SkillMimic-V2: Learning Robust and Generalizable Interaction Skills from Sparse and Noisy Demonstrations
Runyi Yu*, Yinhuai Wang*, Qihan Zhao*, Hok Wai Tsui, Jingbo Wang, Ping Tan and Qifeng Chen
SIGGRAPH 2025
Our framework enables physically simulated robots to learn robust and generalizable interaction skills from sparse demonstrations: (top left) Learning sustained and robust dribbling from a single, brief demonstration; (top right) acquiring robust skill transitions from fragment skill demonstrations; (bottom left) generalizing book grasping to varied poses from one demonstration; and (bottom right) learning to reorientate a cube from a single grasp pose.
-
Release models on household manipulation task.
-
Release models on locomotion task.
-
Release models on ballplay task.
-
Release training and evaluation code.
Please following the Installation instructions of SkillMimic.
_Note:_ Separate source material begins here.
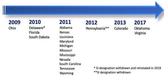
Figure 2. SORNA substantial implementation designations.

of requirements pertaining to public websites, international travel, and registration of adjudicated juveniles (OAG, 2011, 2016). Additionally, the SMART Office modified its processes for working with states to facilitate implementation, and adjusted its thresholds for evaluating adherence to SORNA criteria. Recognizing the unique aspects of each jurisdiction's legal and operational landscape, the DOJ and SMART Office shifted from a fairly literal standard (termed "substantial compliance") to a more flexible standard ("substantial implementation") (SMART Office, 2016b). Whereas the "substantial compliance" threshold required states to align directly and fully with SORNA guidelines, "substantial implementation" recognized state provisions that "did not substantially disserve" the purpose of each of SORNA's fourteen standard areas (see Table 1). Coupled with this more flexible process, the DOJ also established a mechanism for non-implemented states to recapture the 10-percent JAG "penalty" that would otherwise be held for non-compliance, provided that these funds be utilized for purposes consistent with SORNA's goals. These and other key shifts in DOJ policy contributed to additional states achieving substantial implementation status beginning in 2011, as noted in Figure 2.

After that you should run the following commands:
pip install six
pip install pytorch-lightning==1.9.0
Pre-trained models are available at models/
Run following command to view our HOI dataset by adding --play_dataset
.
python skillmimic/run.py \
--play_dataset \
--task SkillMimic2BallPlay \
--test \
--num_envs 1 \
--episode_length 1000 \
--state_init 2 \
--cfg_env skillmimic/data/cfg/skillmimic.yaml \
--cfg_train skillmimic/data/cfg/train/rlg/skillmimic.yaml \
--motion_file skillmimic/data/motions/BallPlay-Pick
- If your computer has more than 1 GPU, add
DRI_PRIME=1
before the above command, otherwise you may encounter display issues. - You may specify
--motion_file
- You can change
--state_init {frame_number}
to initialize from a specific reference state (Default: random reference state initialization).
The skill policy can be trained from sctrach, without the need for designing case-by-case skill rewards. Our method allows a single policy to learn a large variety of basketball skills from a dataset that contains diverse skills.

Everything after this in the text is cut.